- Opening Delimiter -

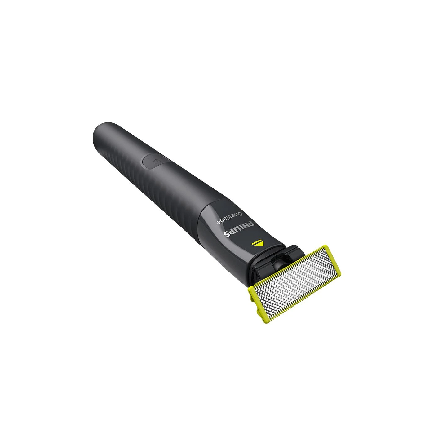 Para proteger sua pele, OneBlade mantém uma micro distância de segurança entre a lâmina e a pele. Use no sentido contrário ao pelo para um barbear mais rente.
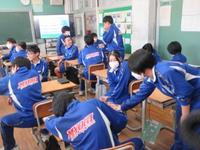3年生は5校時に富岡保健福祉事務所の方を講師としてお招きし、「エイズ予防教室」を実施しました。「水の交換ゲーム」で人から人へ感染するしくみを疑似体験しました。誰が感染しているか分からないことや検査しないと分からないこともありますが、正しい知識をもっていれば、自分で予防できることを学びました。
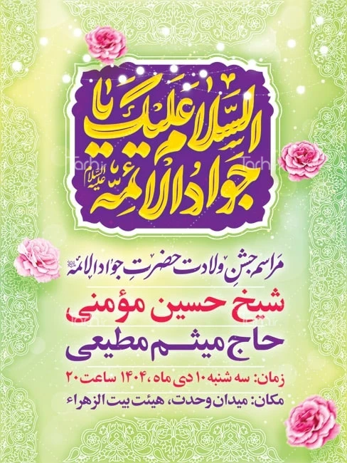 پوستر خام اطلاعیه جشن ولادت امام جواد به صورت لایه باز کد فایل 2607195
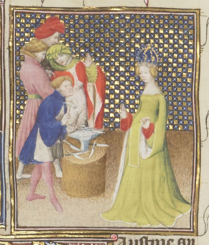 Parigi, Bibliothèque Nationale de France, Fr. 12420, f. 148v. Faustina viene ammirata per la sua bellezza e un uomo prepara gli strumenti per scolpire un suo ritratto.
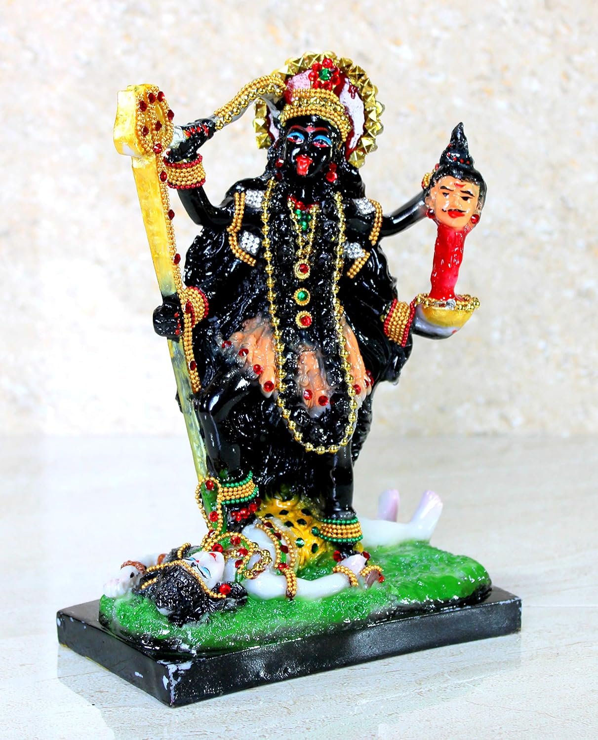 .Goddess Kali or Kali Ma is believed to win over evil. She is the avatar of Goddess Durga. She is the avatar of mother nature herself. Kali Ma is vastly worshipped. Made of good quality resin material. Decorate with lace and multi-stone.
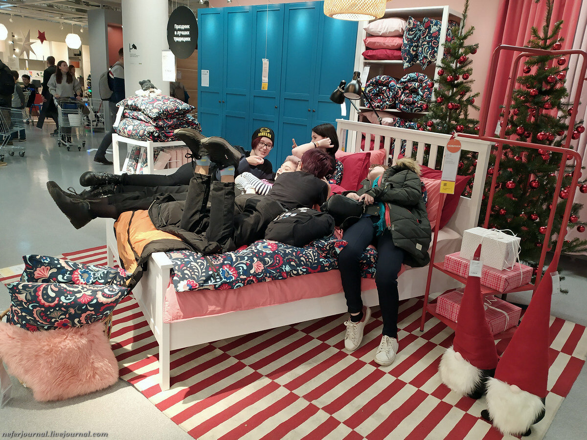 Я шла по магазину, и мое удивление нарастало. На каждой кровати кто-то лежит! Отдыхают, обсуждают. Главное, работники ИКЕА не против. Как только посетители уходят, они молча поправляют экспозицию. Правда это ненадолго, вскоре место занимают снова. В выходные очень много народу.
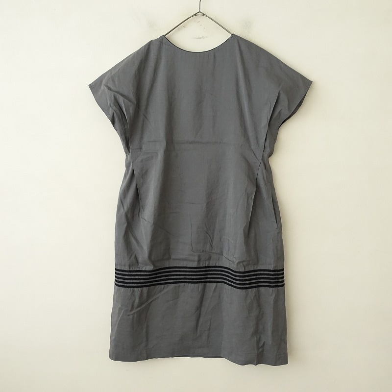 デザイン:mina perhonen galleriaのboulanger リネンシルクワンピースです。カラーはグレーで、リネンシルクの織り地で仕立てられ、裾にboulangerのテキスタイル刺しゅうがあしらわれています。裏地付きで、両サイドにシームポケット、定価(メーカー希望小売価格) 71,500円の商品です。
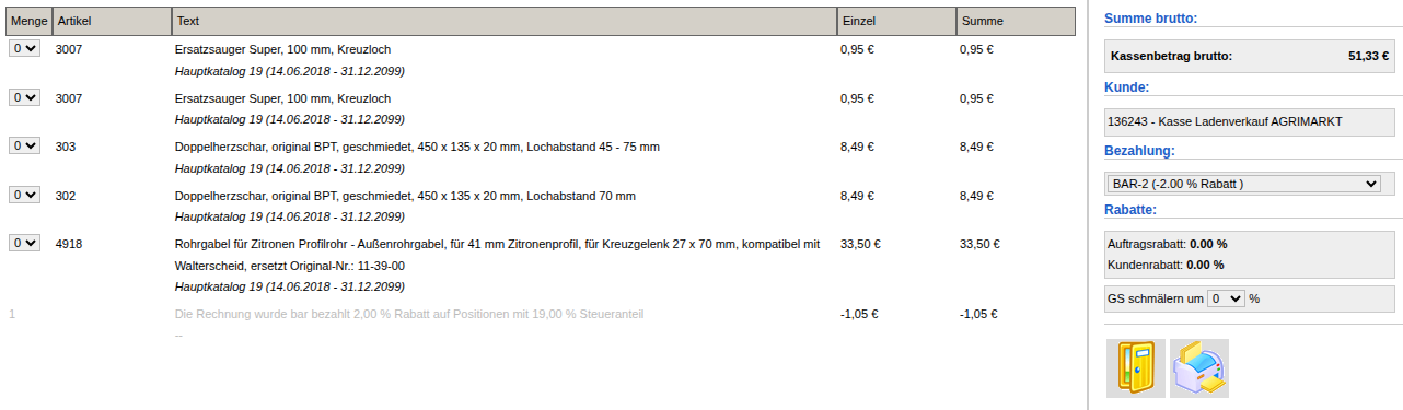 Der Kassenmodus ermöglicht es, Barzahlungen von Kunden ohne Kommissionierung abzuwickeln. Bei der Rechnungsstellung wird trotzdem auf den erfassten Warenbestand zugegriffen. Die Barzahlung (und der Umsatz) werden nach der Rechnungsstellung direkt im System verbucht.
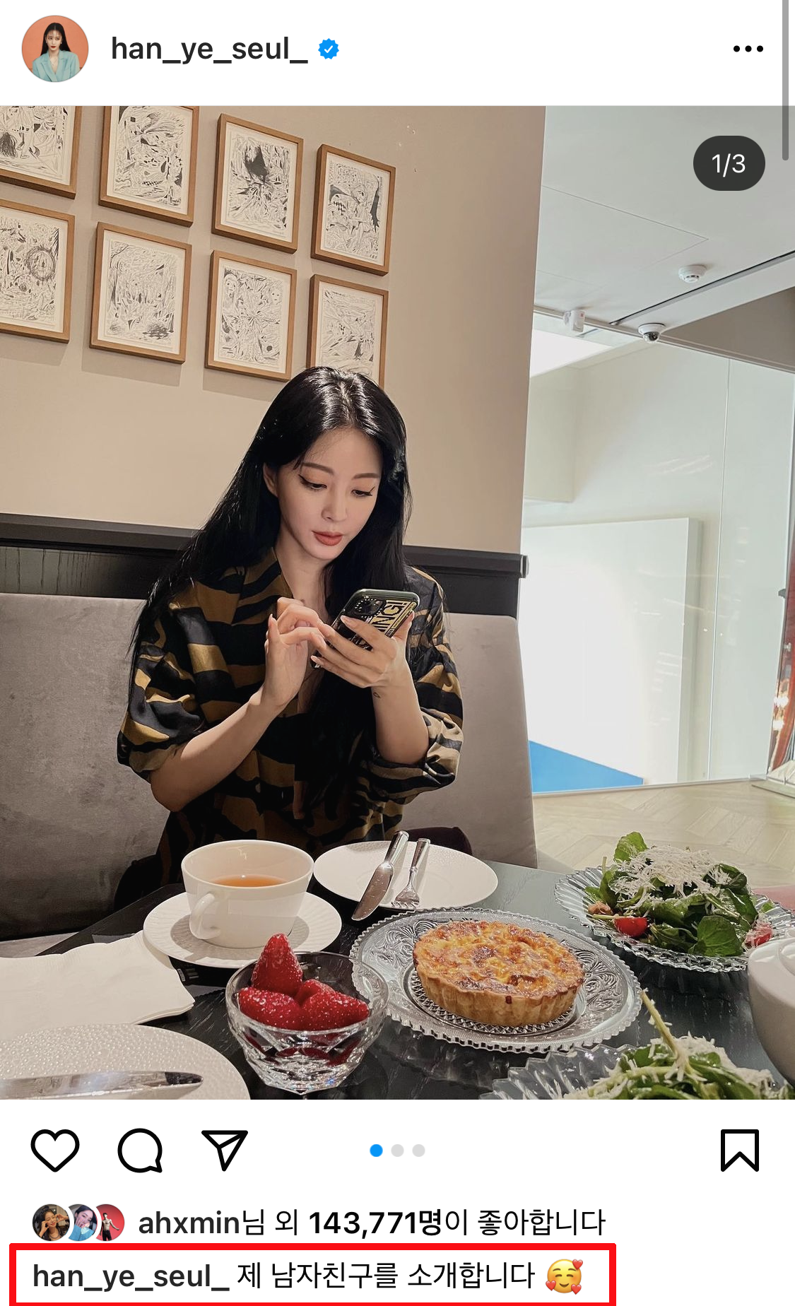 한예슬은 14일 자신의 인스타그램에 "제 남자친구를 소개합니다"라는 설명과 함께 한식당에서 함께 식사를 한 남성의 사진을 공개했습니다.
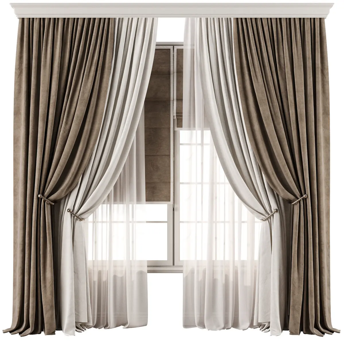 Description:This luxurious drapery set features a double-layer design with velvet curtains, delicate sheer panels, and a functional Roman shade. The velvet layer adds sophistication, the sheer panels provide soft light diffusion, and the Roman shade ensures enhanced light control. The primary colors include a stunning lavender and cream combination, with two optional variations in green and brown tones. Perfect for modern and classic interiors, this set is ideal for living rooms, bedrooms, or dining areas.The turbosmooth modifier is partially applied to the model (display in the viewport - 0 iterations, on the render - 1 iteration). There is no modifier in the OBJ file.

- Closing Delimiter -

> [What needs to be done] Out of the records above, set down only the lines from the one that contains "Я шла по магазину, и" through the one that contains "デザイン:mina perhonen galleriaのboulanger", unchanged and without the pictures.

> [Solution for this task]
 Я шла по магазину, и мое удивление нарастало. На каждой кровати кто-то лежит! Отдыхают, обсуждают. Главное, работники ИКЕА не против. Как только посетители уходят, они молча поправляют экспозицию. Правда это ненадолго, вскоре место занимают снова. В выходные очень много народу.
 デザイン:mina perhonen galleriaのboulanger リネンシルクワンピースです。カラーはグレーで、リネンシルクの織り地で仕立てられ、裾にboulangerのテキスタイル刺しゅうがあしらわれています。裏地付きで、両サイドにシームポケット、定価(メーカー希望小売価格) 71,500円の商品です。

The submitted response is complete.